The Advanced TTS Service is a robust, Node.js-based solution designed to convert textual content into lifelike speech. Leveraging Azure Cognitive Services Speech SDK, this service introduces an innovative approach to processing and synthesizing speech, equipped with features like clipboard monitoring, HTTP server integration, markdown preprocessing, and XML character escaping. It's engineered for extensibility, maintainability, and seamless Azure integration, catering to a wide range of text-to-speech conversion needs.
- Clipboard Monitoring: Employs a sophisticated listener to detect and process text copied to the clipboard, prefixed with a customizable trigger word, facilitating immediate TTS conversion.
- HTTP Server Integration: Features an HTTP server capable of accepting text input via POST requests, enabling programmatic text-to-speech conversion through web services.
- Markdown Preprocessing: Incorporates a markdown preprocessor that converts markdown-formatted text into plain text, optimizing it for speech synthesis.
- XML Character Escaping: Utilizes an XML escaper to ensure text safety for XML/SSML processing, thereby enhancing the versatility and reliability of speech synthesis.
- Queue Management: Implements a TTS queue management system to manage and sequence text inputs for processing, ensuring orderly speech synthesis.
- Azure Cognitive Speech Service Integration: Seamlessly integrates with Azure's TTS service, supporting advanced SSML generation for enriched speech synthesis experiences.
- Audio Playback: Facilitates the playback of synthesized speech audio streams through system speakers, providing an immediate auditory output of the processed text.
.
├── README.md
├── app.js
├── config
│ └── voiceSettings.json
├── package.json
├── pnpm-lock.yaml
└── src
├── controllers
│ └── ttsController.js
├── listeners
│ └── clipboardListener.js
├── preprocessors
│ ├── markdownPreprocessor.js
│ └── xmlEscaper.js
├── services
│ ├── textExtractor.js
│ ├── ttsQueue.js
│ └── ttsServiceAzureAI.js
└── utils
├── logger.js
├── notifier.js
├── playAudioStream.js
└── ssmlGenerator.js
- Node.js (v18.5 or newer recommended)
- An Azure account with an active Cognitive Services Speech subscription
-
Clone the Repository
git clone https://github.com/TheGreenJosip/TTS-package cd TTS-package
-
Install Dependencies
Using pnpm:
pnpm install
-
Configure Environment Variables
Populate a
.env
file in the project root with your Azure subscription key, region, and other configurations:SPEECH_KEY=your_subscription_key_here SPEECH_REGION=your_region_here TRIGGER_WORD=your_trigger_word PORT=your_api_port
Execute the following command to start the TTS service:
node app.js
This initiates the clipboard monitoring and HTTP server, ready to process text for speech synthesis.
To convert text to speech via HTTP, send a POST request:
curl -X POST http://localhost:PORT/tts -H "Content-Type: application/json" -d "{\"text\":\"Hello, world!\"}"
Copy any text prefixed with the trigger word (default: "TTS") to the clipboard.
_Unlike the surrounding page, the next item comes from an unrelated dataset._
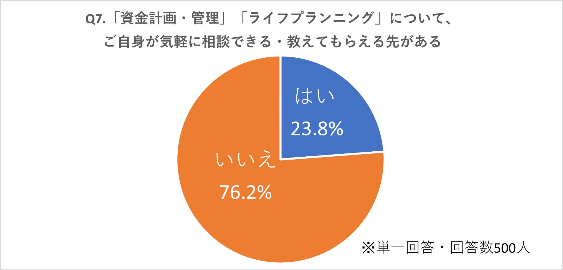 「資金計画・管理やライフプランニングについて、ご自身が気軽に相談できる・教えてもらえる先があるか」と質問したところ、「いいえ」と回答した人が76.2%と、気軽に相談ができる先がない人が7割を超えていることが分かりました。

The service will automatically detect, process, and convert the text to speech.
The config/voiceSettings.json
file allows for detailed customization of voice and speech patterns. Adjust settings here to tailor the TTS output to your preferences.
Contributions are welcome! Please refer to the contributing guidelines for more details on how to participate in the project's development.
To run the service in the background, consider using pm2
:
pm2 start app.js --name tts-service
Manage the service with pm2 stop tts-service
and pm2 start tts-service
.
This project is licensed under the MIT License. See the LICENSE file for details.
- Sophisticated Introduction: The introduction now clearly outlines the service's capabilities and its integration with Azure Cognitive Services, setting a professional tone.
- Detailed Feature Descriptions: Each feature is described in detail, highlighting the service's functionality and technical sophistication.
- Comprehensive Project Structure: The updated project structure reflects the latest changes, providing clarity on the organization and modularity of the codebase.
- Streamlined Getting Started Section: The installation and usage instructions are concise, making it easy for users to get the service up and running.
- Advanced Configuration: A brief mention of advanced configuration options encourages users to explore and customize the service further.
- Professional Tone: Throughout the document, the language and structure aim to communicate a high level of professionalism and attention to detail, targeting an audience of senior developers and technical users.